A new biological law has been proposed offering key insights into the processes of evolution and aging.
Biological laws are recognized patterns that hold true for a group of living organisms. For example, Allen's rule, formulated by zoologist Joel Allen in 1877, states that warm-blooded animals in colder climates have shorter, thicker limbs than those in hotter areas, in order to conserve body heat.
Now, in a paper published in the journal Frontiers in Aging, biologist John Tower, a professor at the University of South Carolina, has proposed a new biological law challenging long-held assumptions over stability in biological systems.
"Rules of biology typically involve conservation of resources," Tower wrote. "For example, common patterns such as hexagons and logarithmic spirals require minimal materials, and scaling laws involve conservation of energy.
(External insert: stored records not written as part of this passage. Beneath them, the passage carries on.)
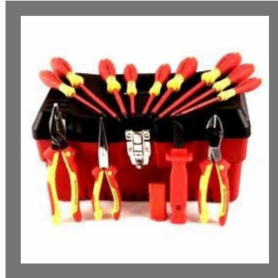
VDE Insulated Tools
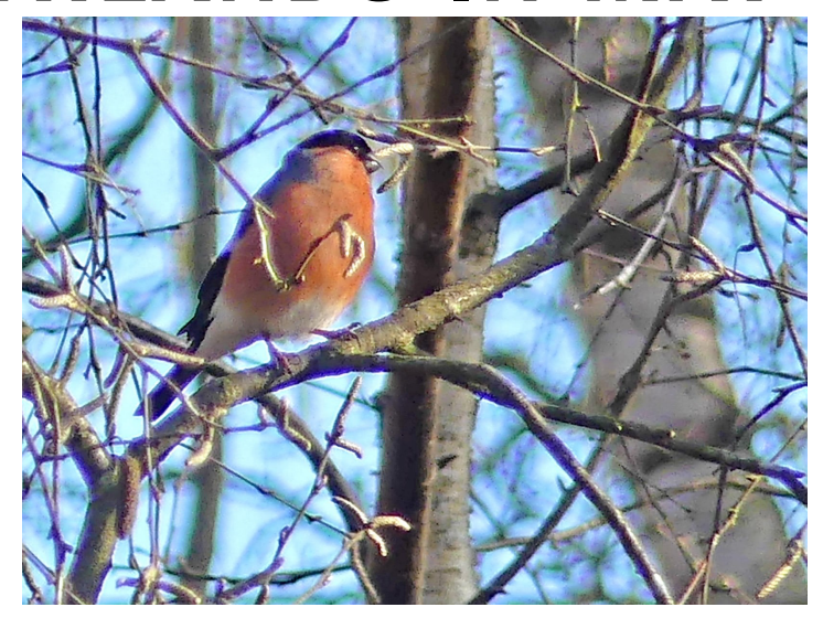
Bullfinch Hothfield 2021

Hobbies, snipe and bullfinches are among the April bird sightings. Listen out for nightingales and cuckoos in May. Back in March, rooks were seen pulling hair off the back of the highland cattle for nest material, while smaller birds were collecting spiders' webs. May is full nesting season across the whole
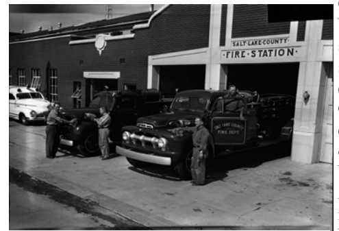
Salt Lake County Fire Department, May 28, 1952

The Salt Lake County Volunteer Fire Department, which in later years became a full-time operation, was organized No-
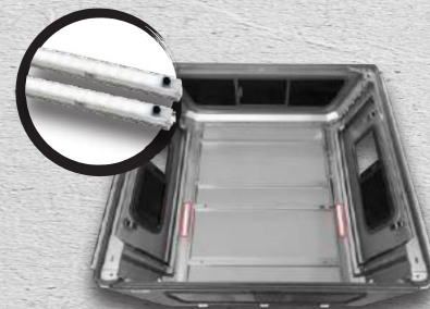
2X INTERNAL LED LIGHTS
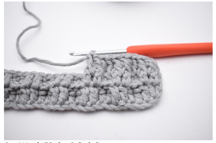
8. Work "2 dc, 2 fpdc".
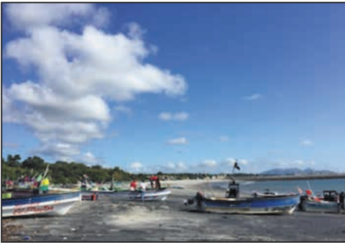
Playa Ensenada, San Carlos

Because it's a fishing village beach, it has distinct look and feel which some won't find picturesque. It's not pristine, but it is quiet and family friendly. It also has a nice view of Vista Mar Marina.
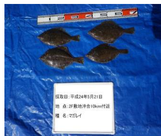
8. Littlemouth flounder
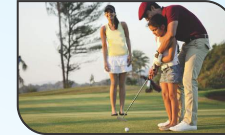
18 hole International Standard Championship Golf Course
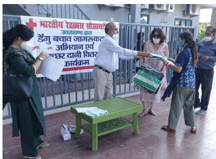
Dengue awareness program and mosquito net distribution-Uttarakhand
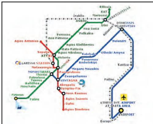
Athens Metro Map
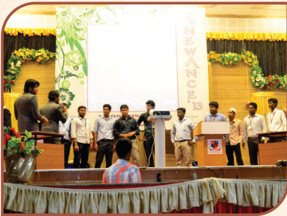
Adzap Finals on Stage Event
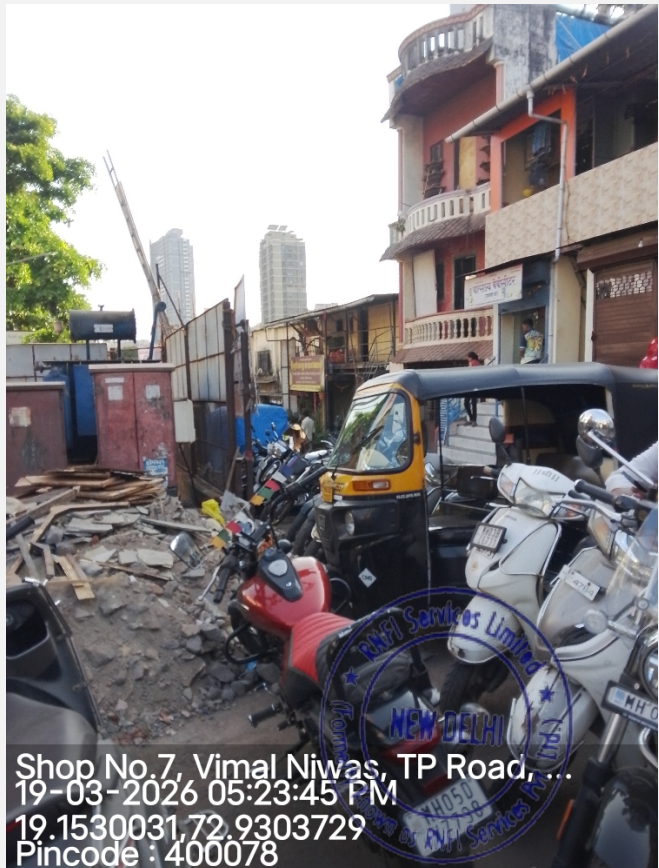
Shop No.7, Vimal Niwas, TP Road, ... 19-03-2026 05:23:45 PM 19.1530031,72.9303729 Pincode : 400078
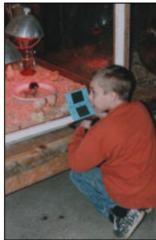
This little guy came prepared and was having a grand time taking pictures of the newly hatched chicks.
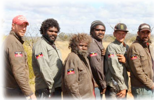
Members of the Birriliburu land management group

Birriliburu native title holders are employed to monitor the presence/absence of fauna using field data recording technology, performing water quality assessments and carrying out fire management services. In 2011 it is expected that the on country work will extend to developing a baiting program for introduced predators at the Carnarvon Range.
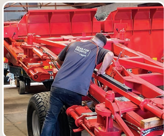
FROM TOP TO BOTTOM In-field demonstrations by our product specialists / We carry an extensive stock of spares for all our machines, with knowledgeable, helpful staff / Our technicians thoroughly inspect every machine during assembly
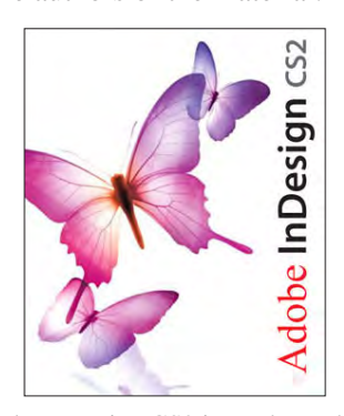
Adobe InDesign CS2 is used to publish PCC News

Contents © 2013 PC Community, except as noted. Permission for reproduction in whole or in part is granted to other computer user groups for internal, non-profit use, provided credit is given to PC Community and to the authors of the material.
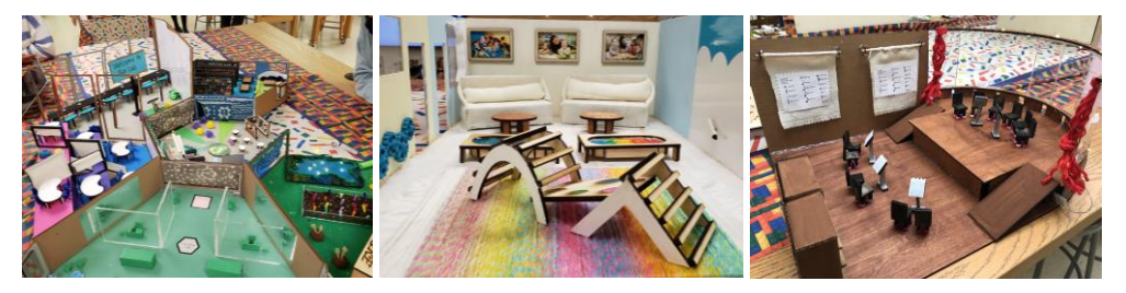
Figure 3. A collection of final learning spaces created by students.

A foundational aspect of the design of the project was the recognition that this was not an engineering course, where students might be expected to master the software and tools for academic and professional environments. With most students coming from the humanities, the design and scoring of the project required an alternative structure. Therefore, the framework for the study was created with the intention of moving beyond simply serving as a grading rubric, instead capturing the genuine process of project creation (see Figure 4). As such, the first stage, Ideas , was intended to allow for students to experiment, take risks, and make mistakes, all foundational aspects of experiential and maker learning. Similarly, Participation can often be an elusive aspect to assess. This was primarily captured by the instructor taking notes throughout all class meetings and the use of weekly reports and surveys for capturing progress and logging of use of time. Support materialized in a variety of ways within this project, with students
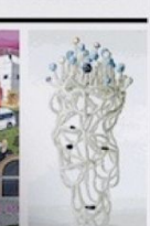
A sculpture by public artist, which stands in the city's central business district.
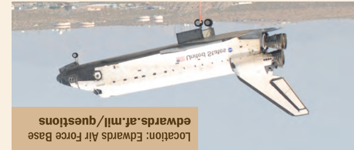
Location: Edwards Air Force Base edwards.af.mil/questions

Most tours include visiting the Air Force Flight Test Center Museum, a windshield tour of the Edwards flightline and a tour of the NASA Dryden Flight Research Center. Celebrate Armed Forces Day in Rosemond on the last Saturday of September.
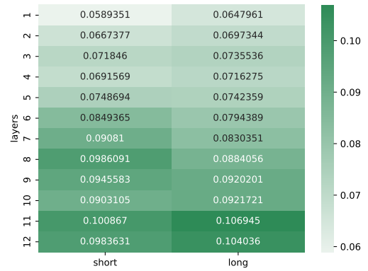
(b) Attention scores of LayerAttPooler(CLS All + AVG All attention)
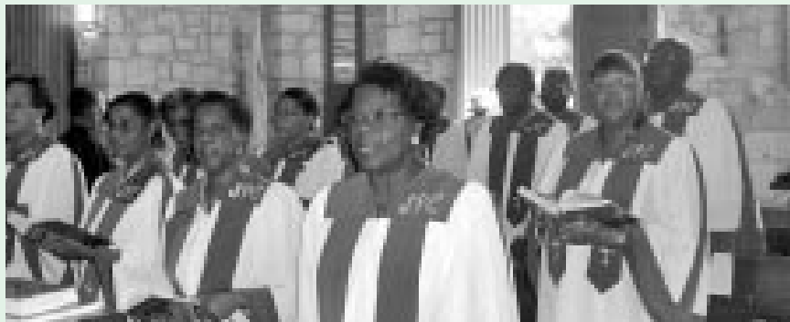
The adult choir of St. Patrick Church on St. Croix sang at Sunday Mass.

Here a relationship with the opposite theme is discussed, which is the selectively advantageous instability of one or more components of a replicating system."
In other words, Tower's law postulates that instability and volatility in biological components—such as our cellular machinery—may be beneficial to our survival.
This "selectively advantageous instability" allows for the rapid turnover of old and damaged cellular components, breaking them down into building blocks that can be used to create new structures.
"Even the simplest cells contain [enzymes that break down DNA, RNA and proteins] and regularly degrade and replace [these key biological molecules], indicating that selectively advantageous instability is essential for life."
He adds that this process plays a key role in evolution. As cells live in this constant flux of instability, they can exist in one of two states: one with an unstable component present and one in which the unstable component is absent. Natural selection may act differently on these two cell states.
"This can favor the maintenance of both a normal gene and a gene mutation in the same cell population, if the normal gene is favorable in one cell state and the gene mutation is favorable in the other cell state," Tower wrote.
This, he argued, creates genetic diversity and makes cells and organisms more adaptable to changes in their environment.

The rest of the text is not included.